Wednesday, March 6, 2013
Time and chastity.
There will be a point where the comfort level stops and just becomes what I expect to feel. The mental side of it will not go away I feel. I think of chastity and what it means to me every day, hundreds of times a day. I also think of what it might mean for my wife and only can guess how her feelings really are.
The reason being, I find that the less I speak with her about it the more comfortable she comes with it. I did find with time that my fantasies about chastity changed to the point now I keep asking myself..... "What do I really want HER to do with the chastity?"
For years the fantasies would have her teasing me, having me beg to have the cage off and her keeping me in denial. Yet when the fantasy becomes reality I find that I am happy to be in the device, and I am just happy she isn't telling me she wants it off me. Teasing for me is when I get to bring her to a orgasm orally or with a vibrator and get to hear and see her orgasm. Right after she is quick to enjoy the fact that there is nothing for me and she back to her own things quickly. Denial for her is just flat denial of any attention to my state and teasing me in any way.
Time is a good thing and bad thing in chastity, in a breath I look at the calendar and smile knowing I have 12 more weeks in my device without a release. But I also look at the 12 weeks and know I will be at a point where I will want to be out, will want a orgasm, will really want to know what she things and will want to test her control and feelings of being a keyholder. Time causes me to worry that when that time comes she will fold and give up the keys.

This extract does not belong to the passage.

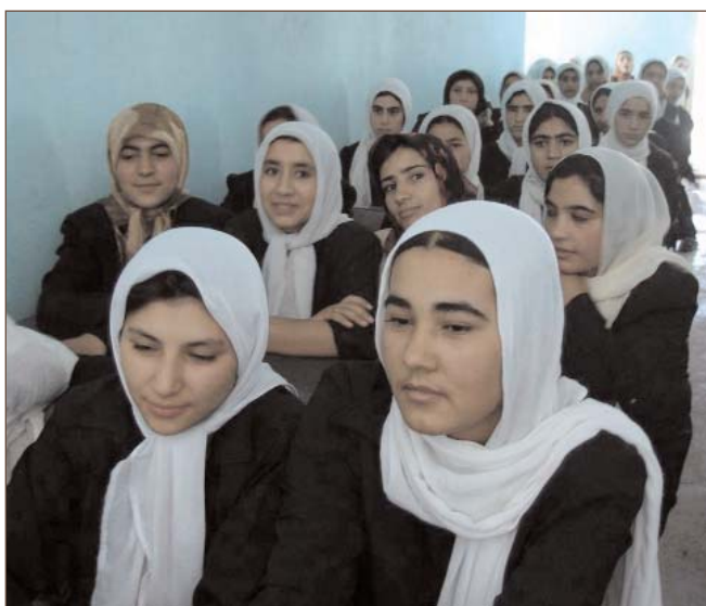
Students at a local High School near Herat gather to learn about voter registration during a Small Grants Program sponsored event.

"I see this as a sort of insurance that female candidates will be educated, literate and progressive," she said, "because this is their background. It is what they have learned."

I hope at that point she will not, she will "require" me to complete what I promised to her.
There are many aspects of chastity and reasons it is good and bad for couples. I am hoping by the time that I have hit the "I want out" stage, she will have decided that "nope, you stay" and that will be the magic day. I know once I hear that from her, my submissive side will be complete. I might not like the answer, nor would I like it if she decided to skip the May 30 date and just keep going to Sept 30 but I would in my heart "love it" knowing she is taking control....
Time is a wonderful and terrible thing, leave me alone with too much time, the mind wanders!!!!